Summary: This message of Jeremiah is given in the context of strong accusations and warnings because of the unfaithfulness of the people of God.
Jeremiah 6:16… "This is what the LORD says: ’Stand at the crossroads and look; ask for the ancient paths, ask where the good way is, and walk in it, and you will find rest for your souls.’ But you said, `We will not walk in it.’"
This message of Jeremiah is given in the context of strong accusations and warnings because of the unfaithfulness of the people of God.
1:16 - "I will pronounce my judgments on my people because of their wickedness in forsaking me, in burning incense to other gods and in worshipping what their hands have made."
2:13 - "My people have committed two sins: They have forsaken me, the spring of living water, and have dug their own cisterns, broken cisterns that cannot hold water."
3:14 - "’Return, faithless people,’ declares the LORD, ’for I am your husband. I will choose you--one from a town and two from a clan--and bring you to Zion.’"
4:22 - "My people are fools; they do not know me. They are senseless children; they have no understanding. They are skilled in doing evil; they know not how to do good."
5:30,31 - "A horrible and shocking thing has happened in the land: The prophets prophesy lies, the priests rule by their own authority, and my people love it this way. But what will you do in the end?"

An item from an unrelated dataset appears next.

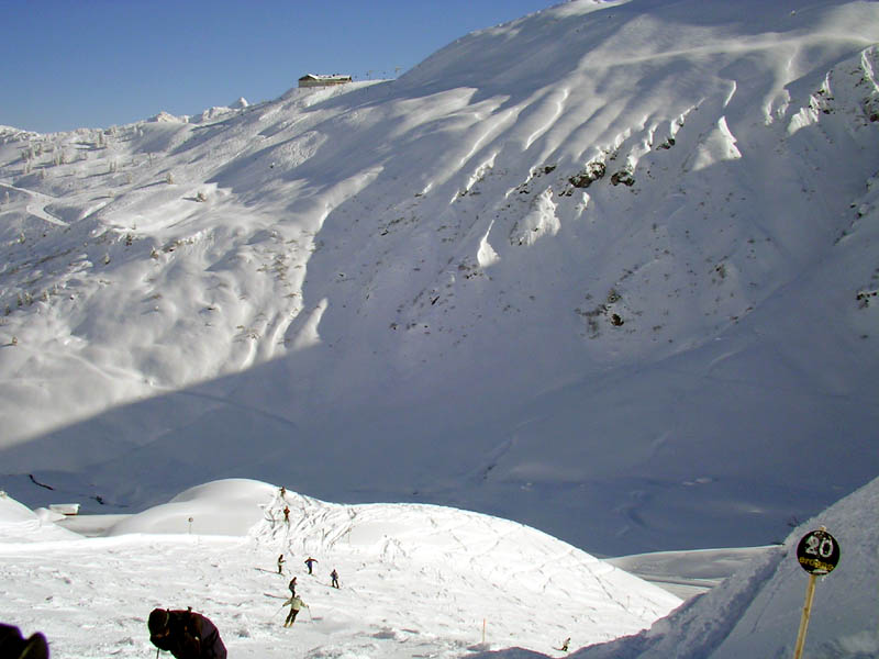 Betreibsschluss bei vielen Bahnen um 15.45, Bella Nova, Tal"ab"fahrt zur Valiserabahn, dösige Anstellbereiche ohne Singlespur

It is in this context of calling a wayward people back to God that Jeremiah confronts Jerusalem. Is that the type of people who are hearing the message of Jeremiah today? Are we the intended audience?
Chances are, for the most part, we represent people who have already returned to God, and we don’t need to hear a scathing, message intended for backsliders.
However, in this verse is some excellent advice regardless of where we may be in our relationship with the Lord. There are decisions being made every day - we frequently find ourselves at a "crossroad", and need guidance and wisdom in making godly decisions.
Notice with me that the verse can easily be divided into three parts:
1. Stand and Look;
2. Ask and Walk;
3. Rest or Refuse.
I. Stand - Look
In a moment of decision, it’s important to stop and give careful consideration.
ILL… RR Crossings… There aren’t many left, but RR crossings on our country roads say it well, "Stop, Look, Listen".
The problem we constantly face is that we have become a culture of haste.
Joke … decision time for a gorilla… Maybe you’ve heard about the gorilla in a zoo holding a Bible in one hand & a book about evolution in the other. He was looking confused, so someone asked, “What are you doing?” The gorilla answered, “Well, I’m trying to decide if I’m my brother’s keeper or my keeper’s brother.”
Just prior to the turn of the century, this commentary was printed in the "New York Times":
ILL… "The 20th century is being called the ’hundred-year madness’. It started with horses and hours. It ends with Maseratis and microseconds, with cars speeding across highways, airplanes streaking across skies, microprocessors burning across desktops and magnificent metal birds called Discovery, Endeavor and Columbia circling the earth. This century’s mad dash of innovation has produced all of these things -- and the most frantic human era ever.
"We phone. We fax. We page. We e-mail. We stuff day planners. We race from one end of life to the other, rarely glancing over our shoulders. Technology, mass media and a desire to do more, do it better and do it yesterday have turned us into a world that hurries.
"Stop and smell the roses? No more. Instead, better wake up and smell the coffee. What an exhilarating, exhausting world we’ve created - a world of seven-day diets and 24-hour news channels and one-hour photo processing and 30-minute pizza delivery and 10-minute facials and two-minute warnings and Minute Rice.
"Fast food. Fast computers. Fast cars in fast lanes. Nestle Quik and Quik Marts and quick-cut commercials. A superhero faster than a speeding bullet and a bullet train faster than a speeding car. VCRs with five fast-forward settings. Sound bites and the rat race and instant coffee and microwave popcorn and radio stations that make a breathless promise: `You give us 22 minutes, we’ll give you the world.’
"Get rich quick. Get fast-tracked. Get your 15 minutes of fame. Live fast, die young, and leave a good-looking corpse. Run on empty. Just do it.
"People do recognize this kind of hurry in their lives. They talk of fixing it, but they do not have the time.
A survey conducted for Hilton hotels found 71 percent of Americans think time is moving too quickly, but only half of them would slow down if they could. And even fewer -- 43 percent -- don’t think thinning their packed schedules would make them happier."